Mas Arabella, ay, aprendió tarde su gran cuita:
¡que antes de amar hace falta cavilar!
Hubo un aplauso clamoroso. Hubo incluso silbidos chabacanos. ¿Dónde estaría ahora aquel diccionario, el Oxford Concise? ¿En el noroeste de Escocia? Quería recuperarlo. El chico hizo una reverencia, retrocedió unos pasos y se reunió con otros cuatro niños que habían surgido sin que yo lo advirtiese, y que estaban esperando en lo que podríamos llamar los bastidores.
Y así empezó
Las tribulaciones de Arabella
, con la despedida de los padres inquietos y entristecidos. Descubrí enseguida que la que interpretaba a la heroína era la bisnieta de Leon, Chloe. Qué chica más solemne y encantadora es, con su voz bien timbrada de bajo y la sangre española de su madre. Recuerdo que estuve en su primera fiesta de cumpleaños, y parece que fue sólo hace meses. Observé su convincente caída en la pobreza y su desespero cuando fue abandonada por el conde malvado, que era el chico con la capa negra que había recitado el prólogo. En menos de diez minutos terminó la obra. En mi memoria, distorsionada por la noción del tiempo que tiene un niño, siempre me había parecido que tenía la extensión de una obra de Shakespeare. Había olvidado por completo que, después de la ceremonia de la boda, Arabella y el príncipe médico se enlazan del brazo y, hablando al unísono, dan un paso al frente para declamar delante del público un pareado final.

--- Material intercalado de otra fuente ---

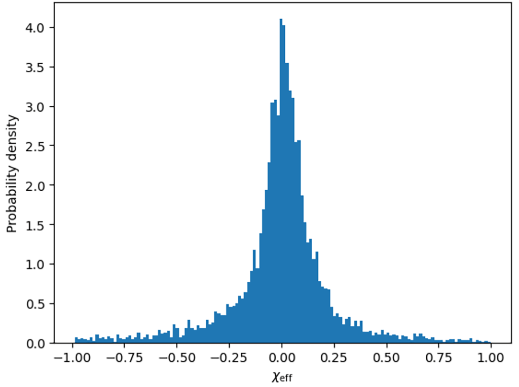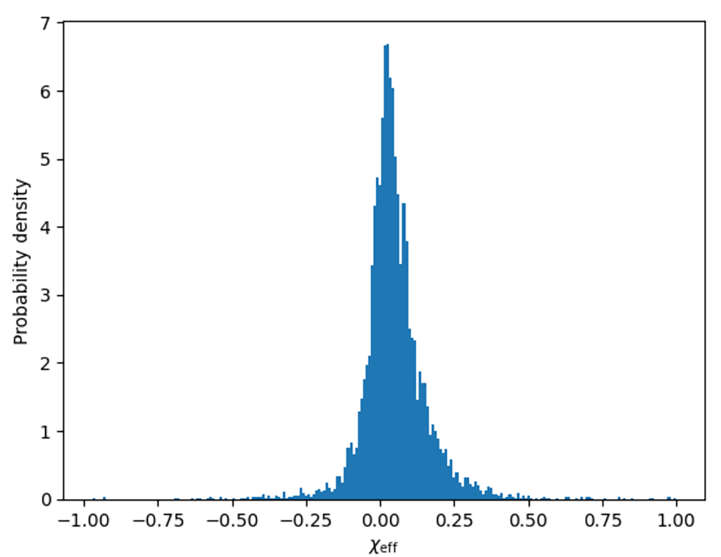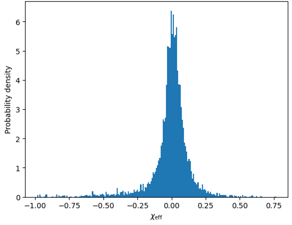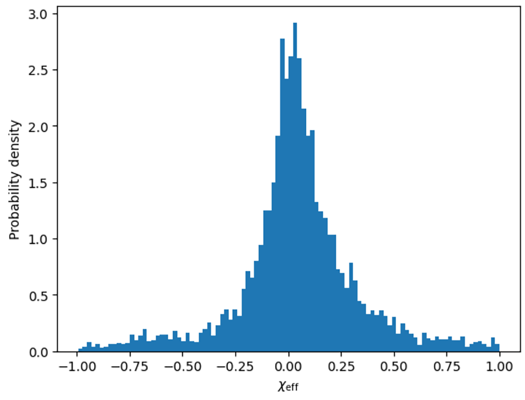 This measurement can be defined as the mass-weighted projection of the individual spins onto the orbital axis, which effectively captures the degree of spin alignment in the system. The distribution of \chi_{eff} within a population is what provides key information about its formation history. Binaries that are formed through isolated binary evolution are likely to have spins aligned with the orbit, which results in larger positive \chi_{eff} values13. On the other hand, dynamically assembled binaries have spin orientations are randomised by the dense stellar environment, exhibiting distributions symmetric around zero11. Thus, comparing the \chi_{eff} distributions for mass-gap mergers and the broader black hole population offers a way to constrain the astrophysical processes responsible for their formation.

Aquí empieza el amor, concluido lo doliente,
conque adiós, amigos, ¡ponemos vela al poniente!
No era mi mejor dístico, pensé. Pero todo el auditorio, excepto Leon, Pierrot y yo misma, se levantaron para aplaudir. Aquellos niños eran actores consumados, hasta en su salida final al escenario. Cogidos de la mano, formaron una cadena y, obedeciendo a una señal de Chloe, dieron dos pasos atrás y luego avanzaron para hacer una nueva reverencia. En el alboroto, nadie reparó en que el pobre Pierrot estaba totalmente abrumado y había hundido la cara entre las manos. ¿Estaba reviviendo aquel episodio aterrador y solitario que aconteció aquí, después del divorcio de sus padres? Por fin se representaba, sesenta y cuatro años más tarde, y cuando su hermano llevaba ya muchos difunto, la obra en que tanto deseaban actuar los gemelos aquella noche en la biblioteca.